Line by line, give the data again exactly as it appears, but without pictures.

[Stored records]
※ ※ ※

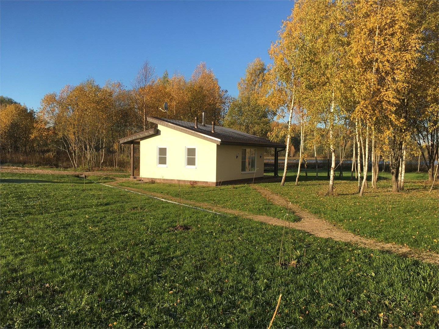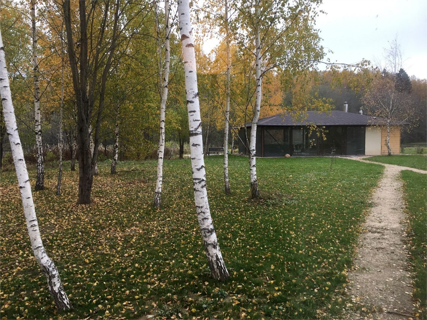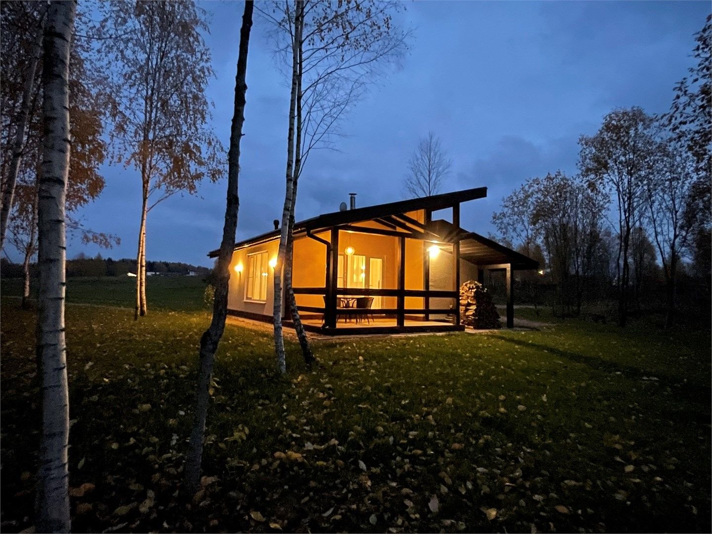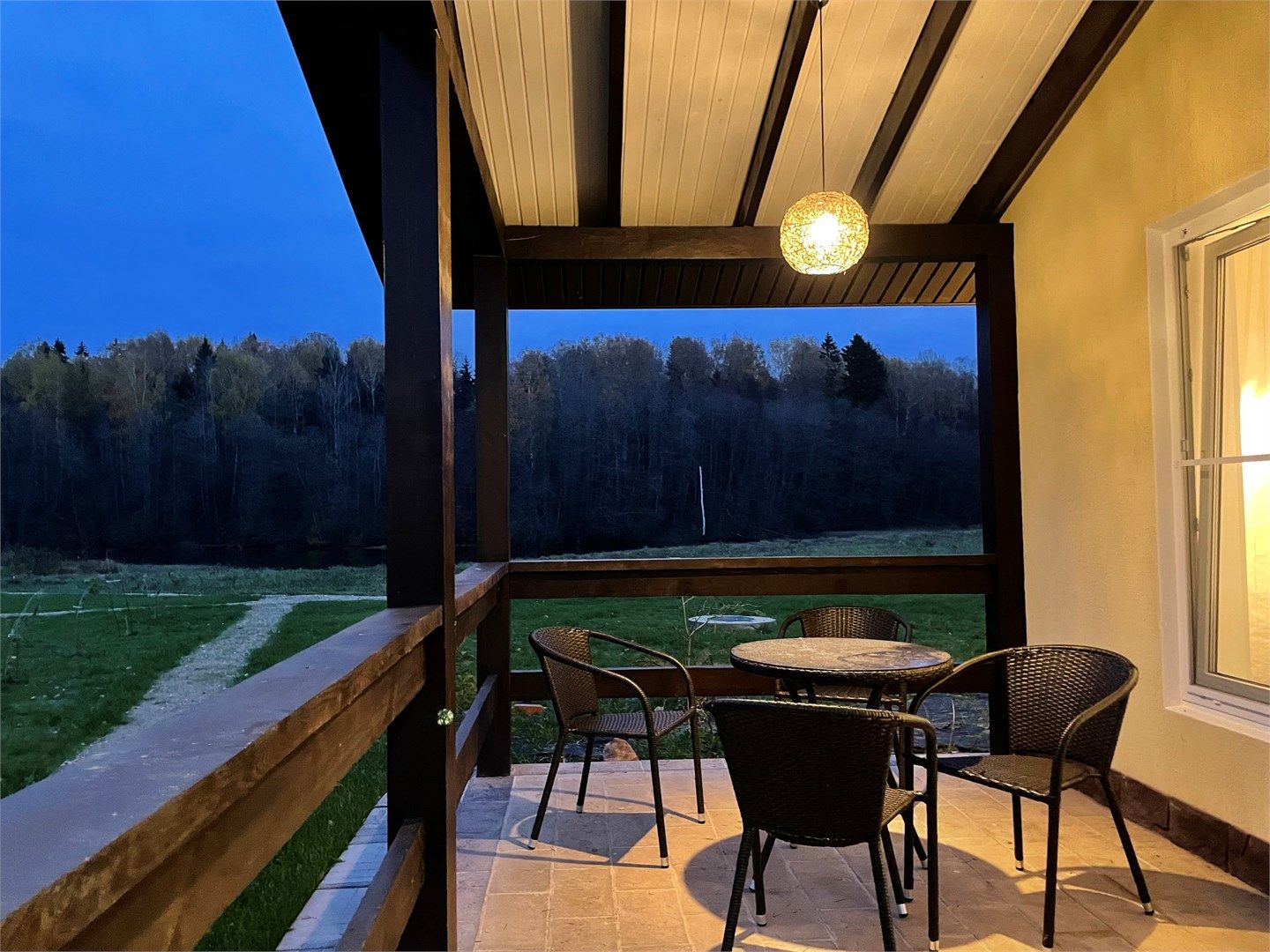 Индивидуальный домик на ферме с видом на озеро и лес.
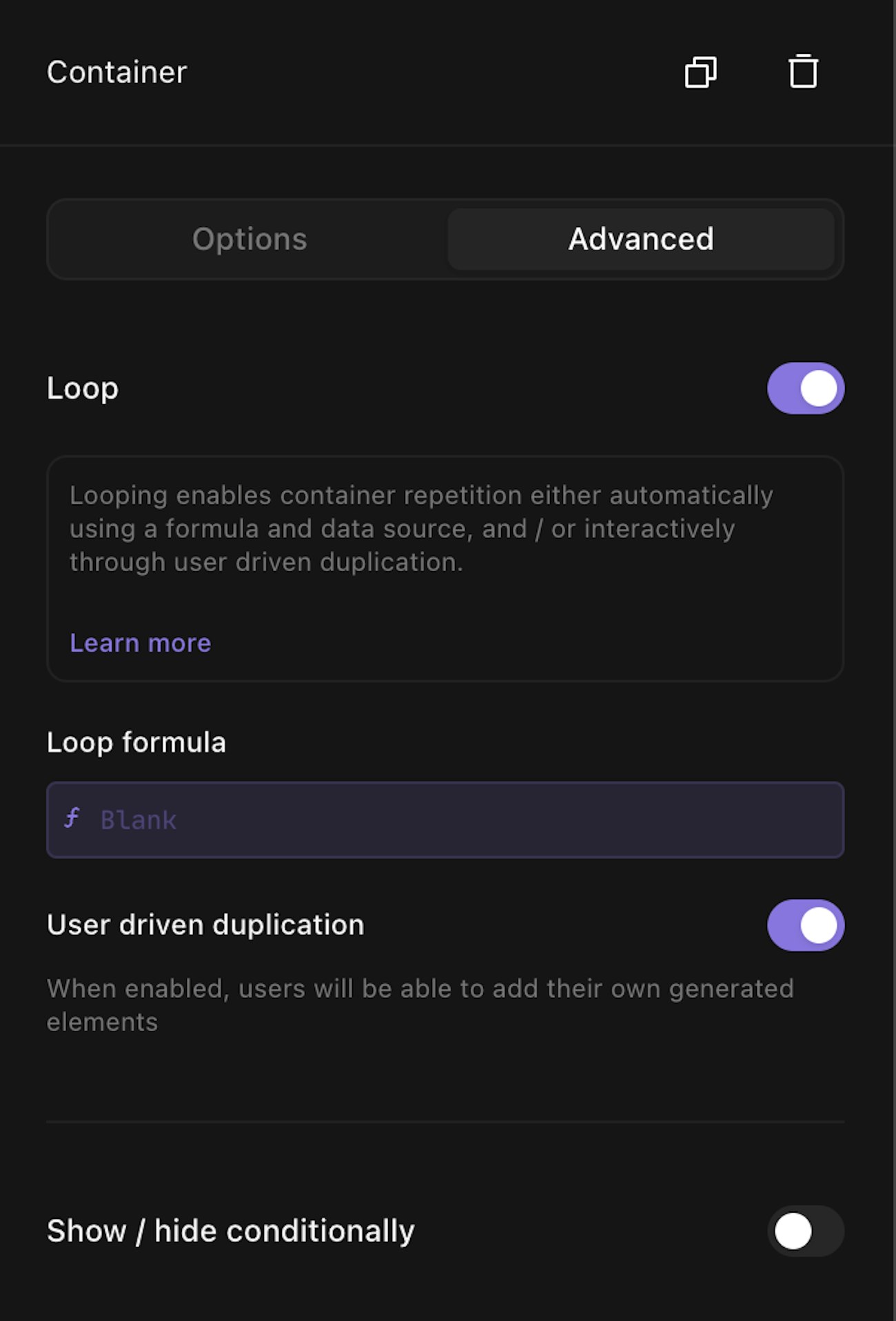 There is also an option to enable User driven duplication, which allows users to continue adding looped elements to a container.
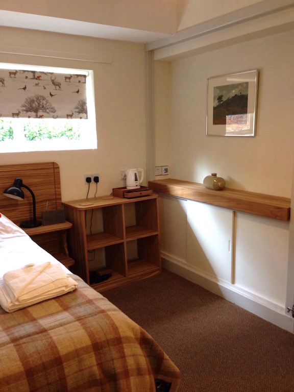 The former small double has been transformed into a single en-suite. The furniture has been designed to save space but gives plenty of shelving along the wall. We feel the space works better as a single, especially as the Cottage has two twins now anyway.
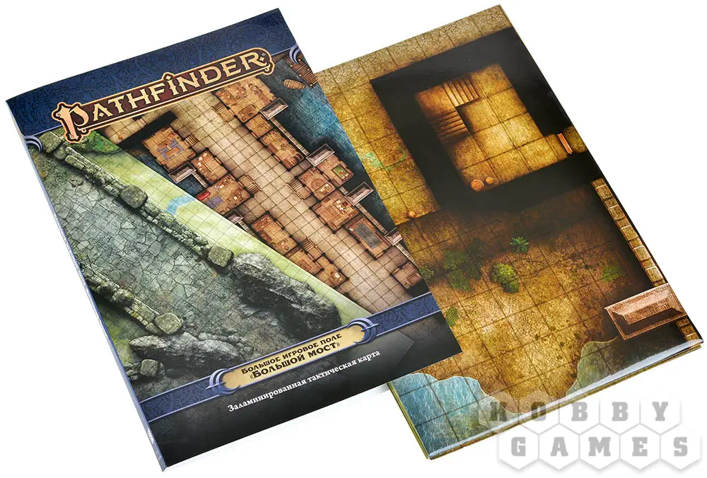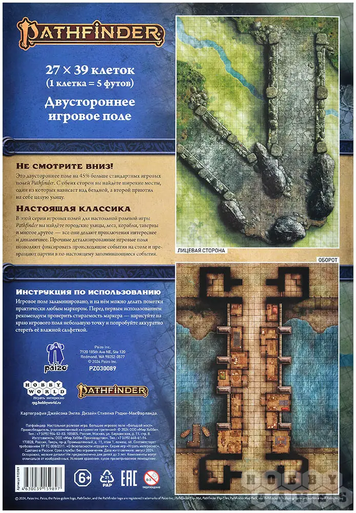 С одной стороны – мост, нависающий над бездной. С другой – целая улица с домами. Обе иллюстрации позволяют разыгрывать множество различных игровых ситуаций, а благодаря крупному формату (это поле на 45% больше стандартных полей Pathfinder!) вы сможете эффективно использовать каждый его сантиметр и просто получать эстетическое удовольствие.
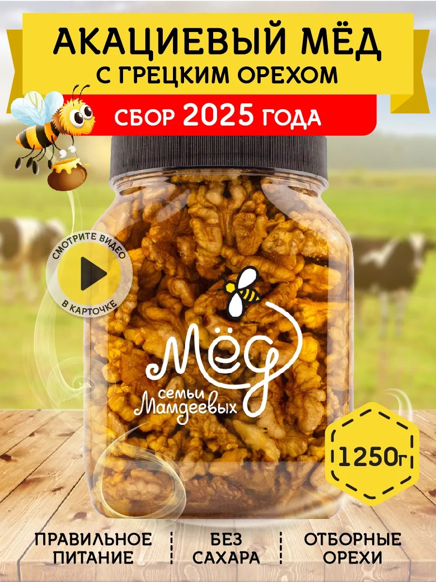 Мёд семьи Мамдеевых Акациевый мед с грецким орехом, 1250 г, сладости
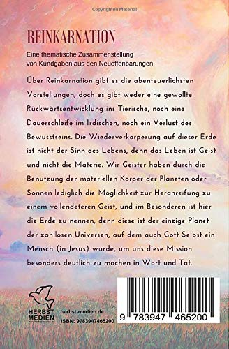 Über Reinkarnation gibt es die abenteuerlichsten Vorstellungen, doch es gibt weder eine Rückwärtsentwicklung ins Tierische, noch eine Dauerschleife im Irdischen, noch ein Verlust des Bewusstseins. Die Wiederverkörperung auf dieser Erde ist nicht der Sinn des Lebens, denn das Leben ist Geist und nicht die Materie.
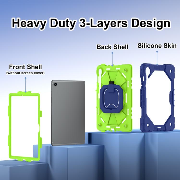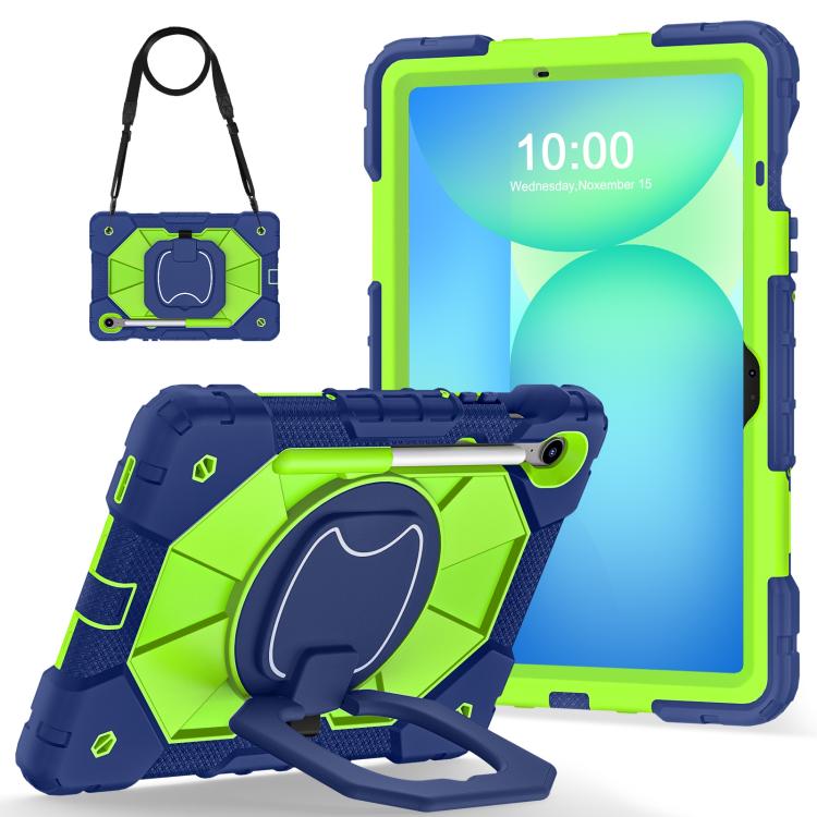 For Samsung Galaxy Tab S10 FE / S9 Contrast Color Robot Silicone Hybrid PC Tablet Case(Navy Yellow Green)
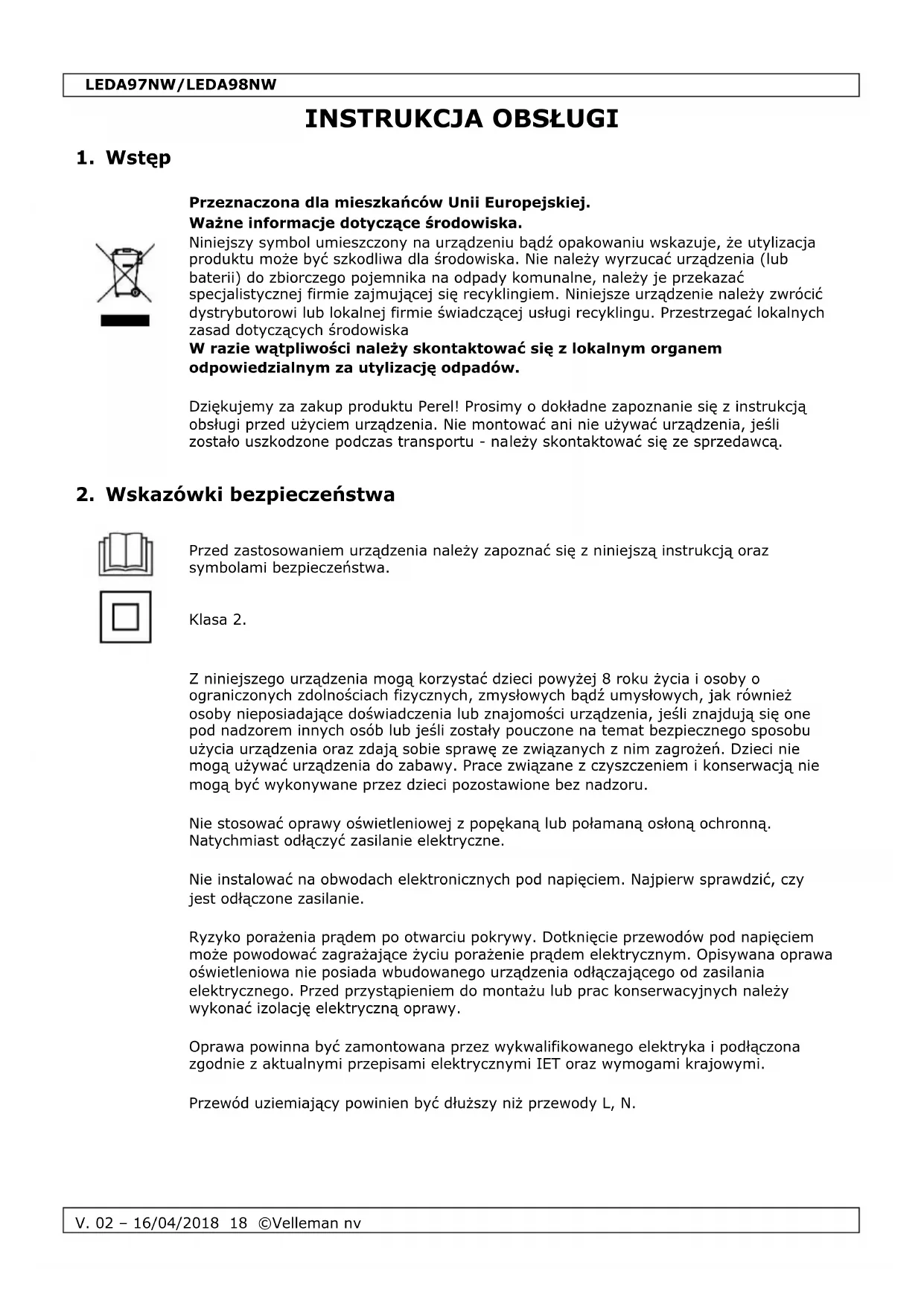 INSTRUKCJA OBSŁUGI LEDA98NW Perel
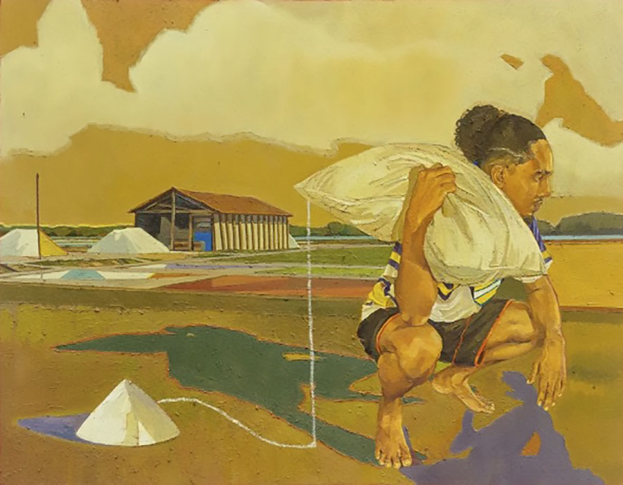 Originário de Cabo Frio, Ian resgata em sua produção pictórica a paisagem de sua terra natal, transformando o sal — elemento abundante das salinas — em metáfora do esforço cotidiano e do fluxo criativo. Suas obras inéditas evocam a ideia de um “Estreito”: espaço simbólico entre o desejo e a realidade, onde o sonho de uma terra promissora frequentemente se choca com a solidão e o desencanto.

※ ※ ※

Output:
 Индивидуальный домик на ферме с видом на озеро и лес.
 There is also an option to enable User driven duplication, which allows users to continue adding looped elements to a container.
 The former small double has been transformed into a single en-suite. The furniture has been designed to save space but gives plenty of shelving along the wall. We feel the space works better as a single, especially as the Cottage has two twins now anyway.
 С одной стороны – мост, нависающий над бездной. С другой – целая улица с домами. Обе иллюстрации позволяют разыгрывать множество различных игровых ситуаций, а благодаря крупному формату (это поле на 45% больше стандартных полей Pathfinder!) вы сможете эффективно использовать каждый его сантиметр и просто получать эстетическое удовольствие.
 Мёд семьи Мамдеевых Акациевый мед с грецким орехом, 1250 г, сладости
 Über Reinkarnation gibt es die abenteuerlichsten Vorstellungen, doch es gibt weder eine Rückwärtsentwicklung ins Tierische, noch eine Dauerschleife im Irdischen, noch ein Verlust des Bewusstseins. Die Wiederverkörperung auf dieser Erde ist nicht der Sinn des Lebens, denn das Leben ist Geist und nicht die Materie.
 For Samsung Galaxy Tab S10 FE / S9 Contrast Color Robot Silicone Hybrid PC Tablet Case(Navy Yellow Green)
 INSTRUKCJA OBSŁUGI LEDA98NW Perel
 Originário de Cabo Frio, Ian resgata em sua produção pictórica a paisagem de sua terra natal, transformando o sal — elemento abundante das salinas — em metáfora do esforço cotidiano e do fluxo criativo. Suas obras inéditas evocam a ideia de um “Estreito”: espaço simbólico entre o desejo e a realidade, onde o sonho de uma terra promissora frequentemente se choca com a solidão e o desencanto.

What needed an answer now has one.